■ WORK REQUEST: Copy the lines below exactly, starting at the one with "RESET Men’s Beauty Salonのメニュー" and ending at the one with "Im Editor hat", and leave out any picture.

■ AVAILABLE DATA:
== == ==

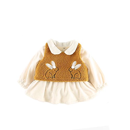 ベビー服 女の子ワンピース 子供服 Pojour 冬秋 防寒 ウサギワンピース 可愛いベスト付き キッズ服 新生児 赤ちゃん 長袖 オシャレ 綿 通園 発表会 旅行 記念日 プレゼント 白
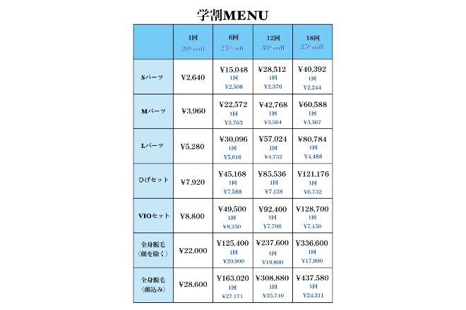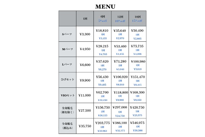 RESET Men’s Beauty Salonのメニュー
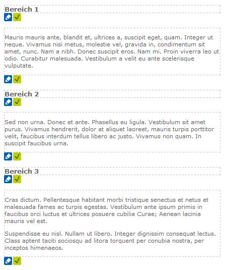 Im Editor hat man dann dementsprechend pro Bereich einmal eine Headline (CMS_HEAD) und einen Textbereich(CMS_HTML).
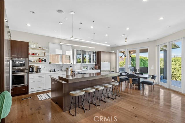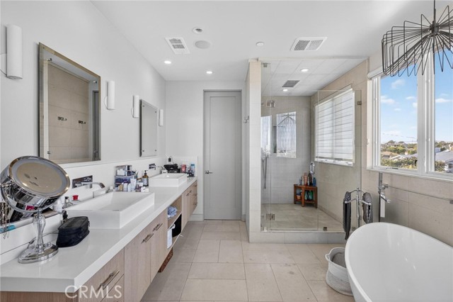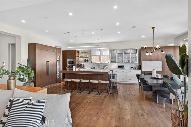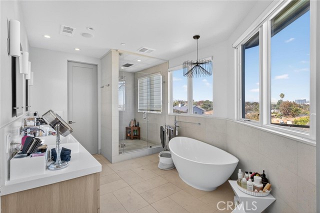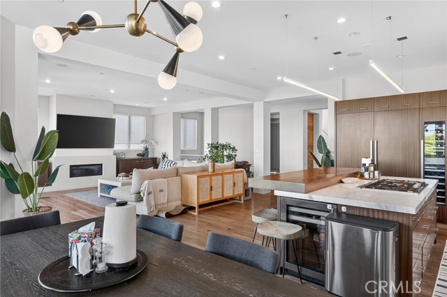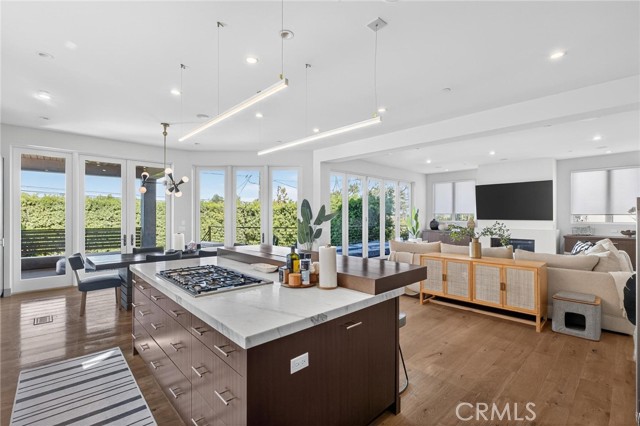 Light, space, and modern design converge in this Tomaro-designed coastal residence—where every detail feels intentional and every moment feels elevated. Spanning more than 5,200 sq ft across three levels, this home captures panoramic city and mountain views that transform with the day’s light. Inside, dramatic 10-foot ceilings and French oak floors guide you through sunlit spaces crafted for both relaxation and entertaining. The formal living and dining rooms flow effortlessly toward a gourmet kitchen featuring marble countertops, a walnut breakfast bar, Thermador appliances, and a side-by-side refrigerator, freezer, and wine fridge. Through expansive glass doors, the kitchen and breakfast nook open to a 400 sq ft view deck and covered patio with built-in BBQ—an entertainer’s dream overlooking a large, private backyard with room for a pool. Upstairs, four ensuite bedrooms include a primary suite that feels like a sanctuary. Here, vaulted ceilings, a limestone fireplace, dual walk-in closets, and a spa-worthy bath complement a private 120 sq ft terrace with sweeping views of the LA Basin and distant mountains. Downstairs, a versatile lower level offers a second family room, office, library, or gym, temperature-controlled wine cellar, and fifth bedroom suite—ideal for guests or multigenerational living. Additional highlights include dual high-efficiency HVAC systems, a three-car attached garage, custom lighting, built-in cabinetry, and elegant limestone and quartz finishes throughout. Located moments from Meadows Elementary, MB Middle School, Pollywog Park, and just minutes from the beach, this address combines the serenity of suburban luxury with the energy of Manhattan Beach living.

== == ==

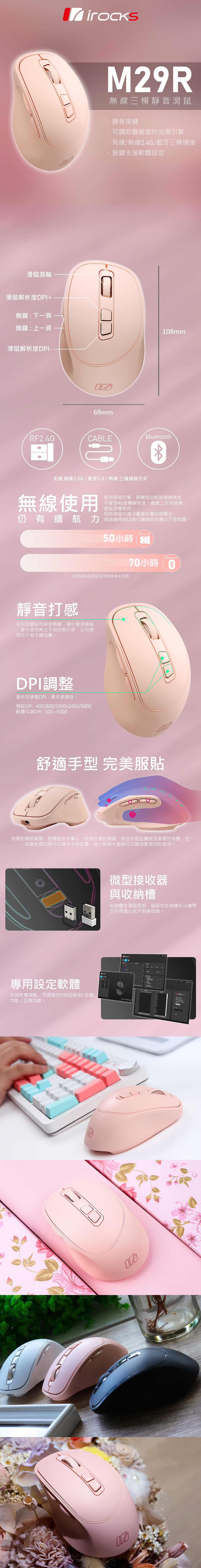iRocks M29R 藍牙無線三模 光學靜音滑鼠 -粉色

== == ==

■ RESPONSE TO THE EXERCISE:
 RESET Men’s Beauty Salonのメニュー
 Im Editor hat man dann dementsprechend pro Bereich einmal eine Headline (CMS_HEAD) und einen Textbereich(CMS_HTML).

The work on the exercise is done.